The same issue happens with regular pandas groupy()
, so I have simplified the example below. Can someone tell me if I should write my custom_sort()
differently, to keep the dtypes intact?
import pandas as pd
df = pd.DataFrame({
'group': ['A', 'A', 'B', 'B'],
'ints': [1, 2, 3, 4],
'floats': [1.0, 2.0, 2.2, 3.2],
'strings': ['foo', 'bar', 'baz', 'qux'],
'bools': [True, True, True, False],
'test': ['drop this', 'keep this', 'keep this', 'drop this'],
})
def custom_sort(df):
"""Define custom aggregation function with special sorting."""

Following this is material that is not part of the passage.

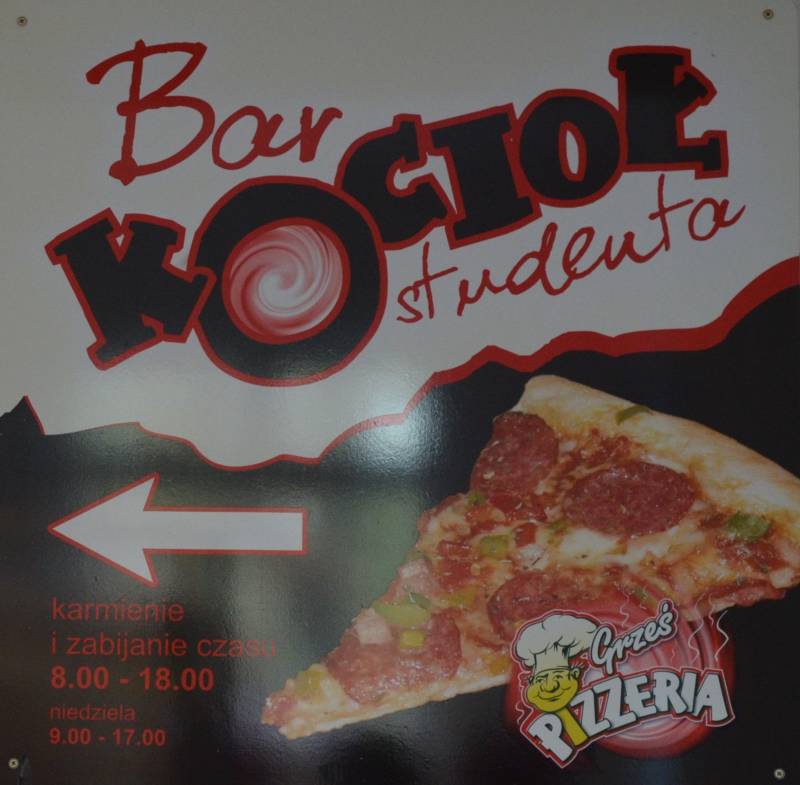 Kocioł is a perfect place to have a quick snack between the classes or a quiet dinner. In the menu,in addition to bar dishes, we will find hamburgers, pizzas sold in slices,pies or knishes. In the bar, we may organise various special events, banquets or conferences.

df = df.sort_values(by=['bools', 'floats'], ascending=False)
return df.iloc[0]
print(df)
print(df.dtypes)
print()
grouped = df.groupby(by='group').agg(custom_sort)
print(grouped)
print(grouped.dtypes) # Issue: All dtypes are object
print()
print(grouped.convert_dtypes().dtypes) # Possible solution, but not for me
# Please note that I cannot use convert_dtypes(). I actually need this for
# geopandas.GeoDataFrame.dissolve() and I think convert_dtypes() messes up
# the geometry information
Output:
group ints floats strings bools test
0 A 1 1.0 foo True drop this
1 A 2 2.0 bar True keep this
2 B 3 2.2 baz True keep this
3 B 4 3.2 qux False drop this
group object
ints int64
floats float64
strings object
bools bool
test object
dtype: object
ints floats strings bools test
group
A 2 2.0 bar True keep this
B 3 2.2 baz True keep this
ints object
floats object
strings object
bools object
test object
dtype: object
ints Int64
floats Float64
strings string
bools boolean
test string
dtype: object